NCSU Astronomy Open House


The next NC State Astronomy open house will be Friday night, April 22nd, at our Reedy Creek Observatory. All are invited for an evening of stargazing, constellation finding, telescope viewing of deep sky objects, and refreshments. The evening will get underway around 8:30 pm, which is approximately 30 minutes after sunset. Please see the website, linked below, for more information, including a map to the facility.

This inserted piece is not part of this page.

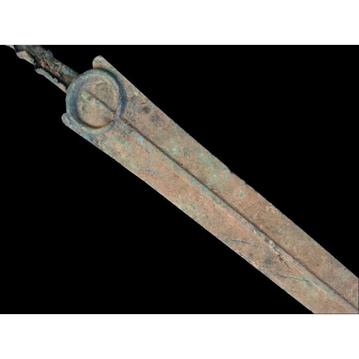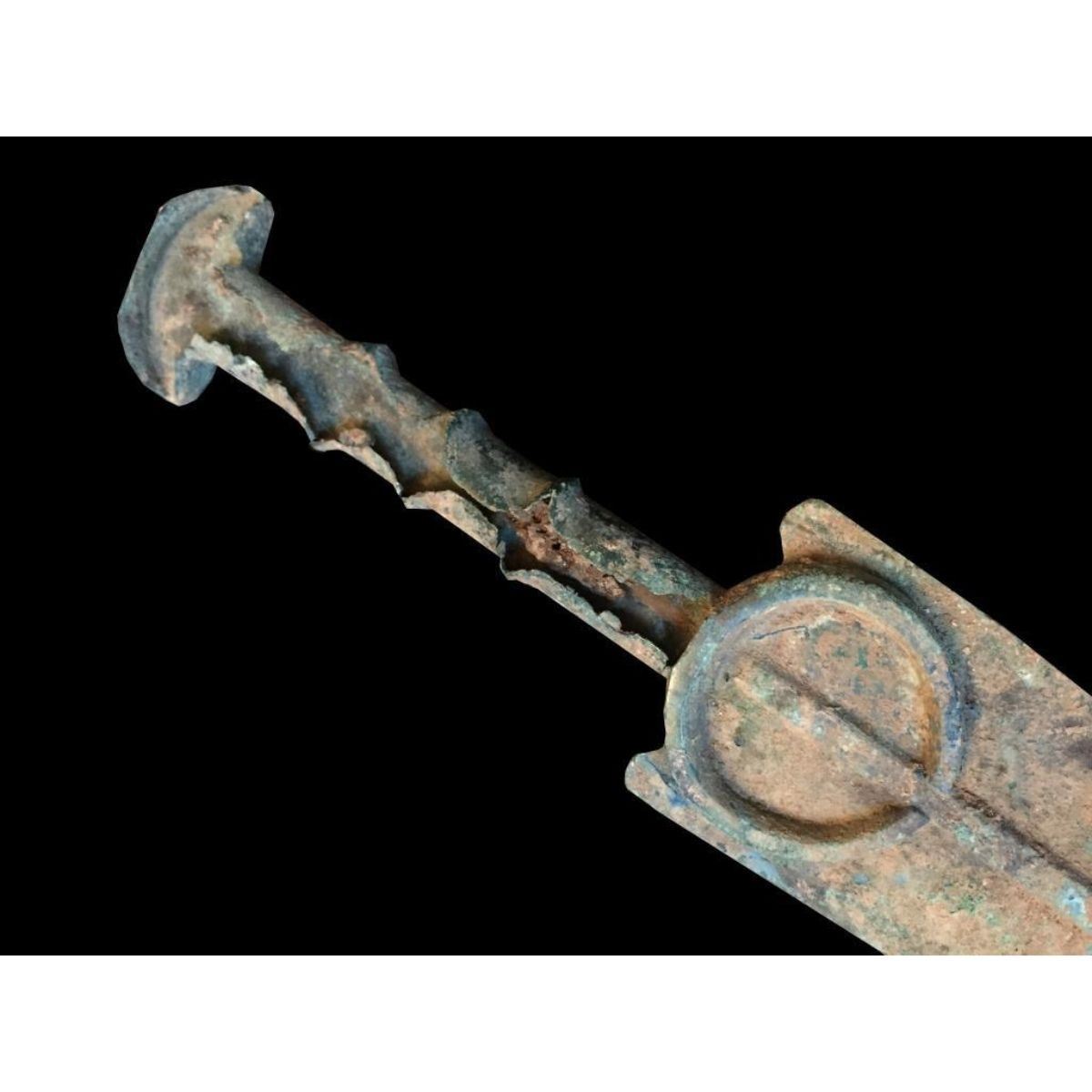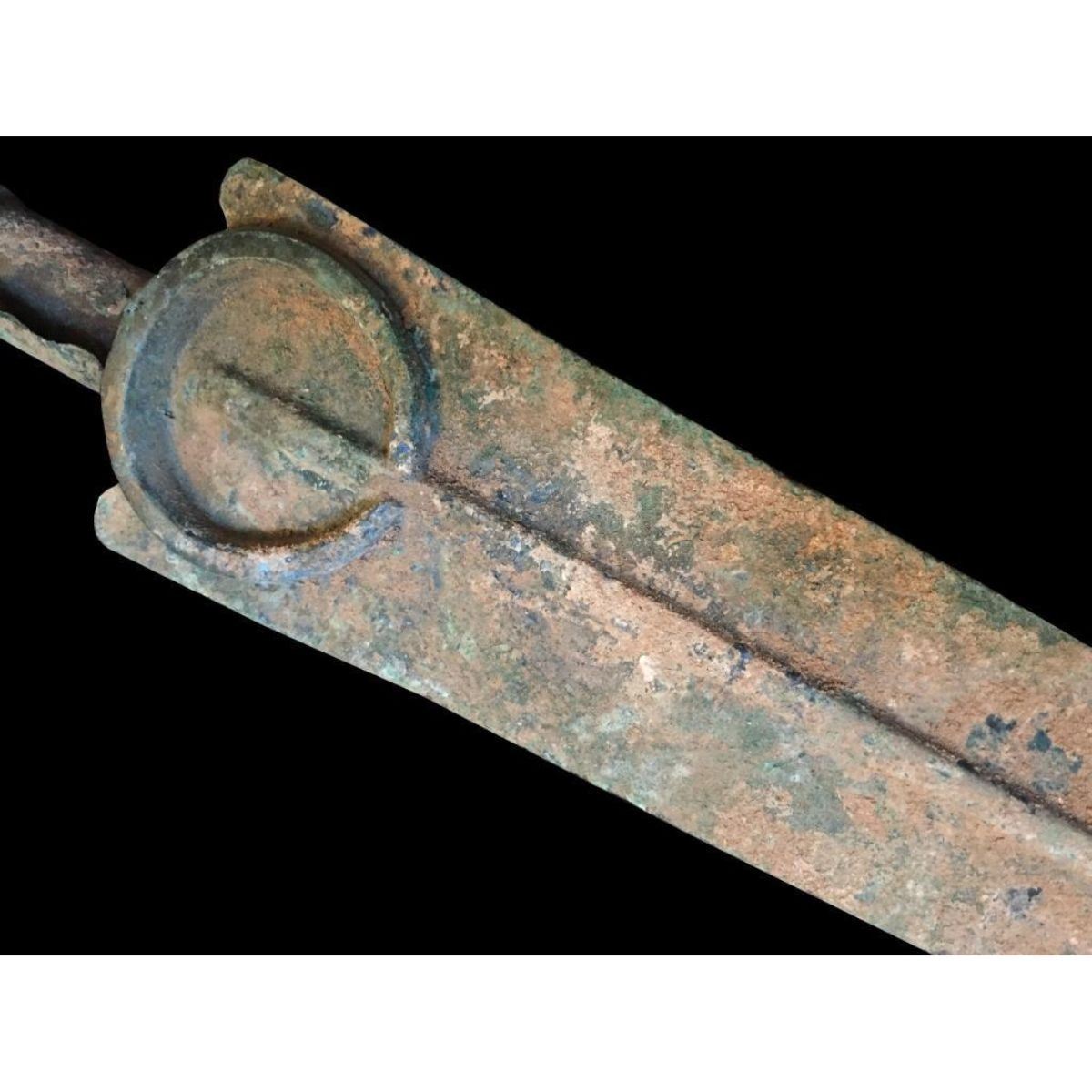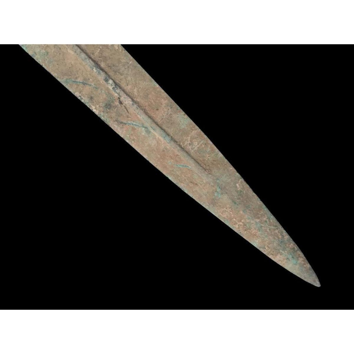 10th Century AD, short sword or dagger, with triangular tapering blade, round-section midrib, raised crescentric rib to each face, D-shaped pommel & ribbed grip with lateral flanges to accept an organic insert. Finecondition. Provenance - From a specialist collector of weaponry, London, UK ; formed in the 1970's. 17 3/4" L. Literature - Cf. Khorasani, M.M. Arms & Armour from Iran. The bronze Age to the End of the Qajar Period,Tubingen, 2006, fig. 20.

Visitors will be treated to observations of the planet Saturn, the Orion Nebula, various star clusters, binary star systems and hopefully a few deeper sky objects! Constellations and features of the night sky will also be pointed out. We encourage school-aged children and families to attend. Astronomy experts from the Physics department will be on hand to answer any questions you may have about the night sky, stars, planets, galaxies, or anything else you can think of that is astronomy related. Inside the classroom building, we will have physics and astronomy demonstrations, as well as refreshments and chairs for a break from the viewing. Stop by inside when you arrive to have a cookie or watch a demonstration about starlight or cosmic rays, and sign our guest book.*

It is not necessary to be “on time” for this event*, as there is no scheduled presentation. Viewing will last until at least 10:00 pm, perhaps later depending on the traffic of visitors. You may arrive and leave any time between 8:30 and 10:00, whenever your schedule permits. The later you come, the darker the sky is, and darker skies mean better viewing.

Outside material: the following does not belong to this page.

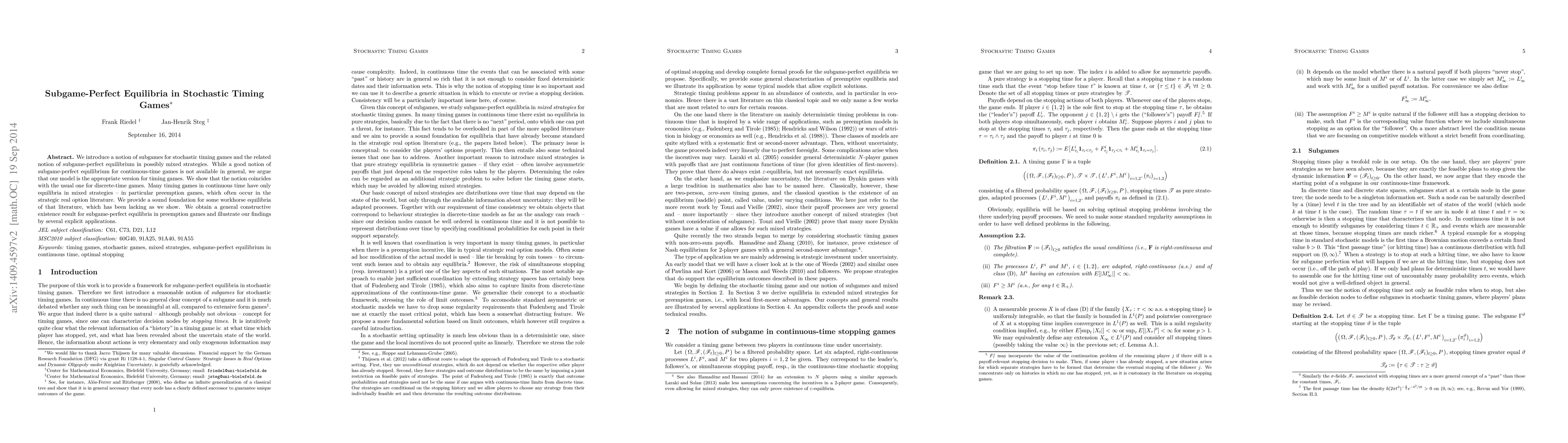 This paper develops a subgame-perfect equilibrium concept for stochastic timing games, particularly focusing on mixed strategies in continuous time. It establishes a constructive existence result for equilibria in preemption games, addressing a foundational gap in the strategic real option literature.

RSVP is not necessary to attend, but would be helpful in giving us a general idea of how many people to expect. You may RSVP to Brian
Williams at

Please do NOT bring pets to the event. Also, flashlights will NOT be permitted in or near the viewing area (where all the people and telescopes are). If you wish to bring a flashlight for the walk up the road from the parking area, that’s fine, but please turn it off when you approach the lab site. Your eyes will adjust to the dark, and you’ll be amazed what you can see, even when it is “dark” out.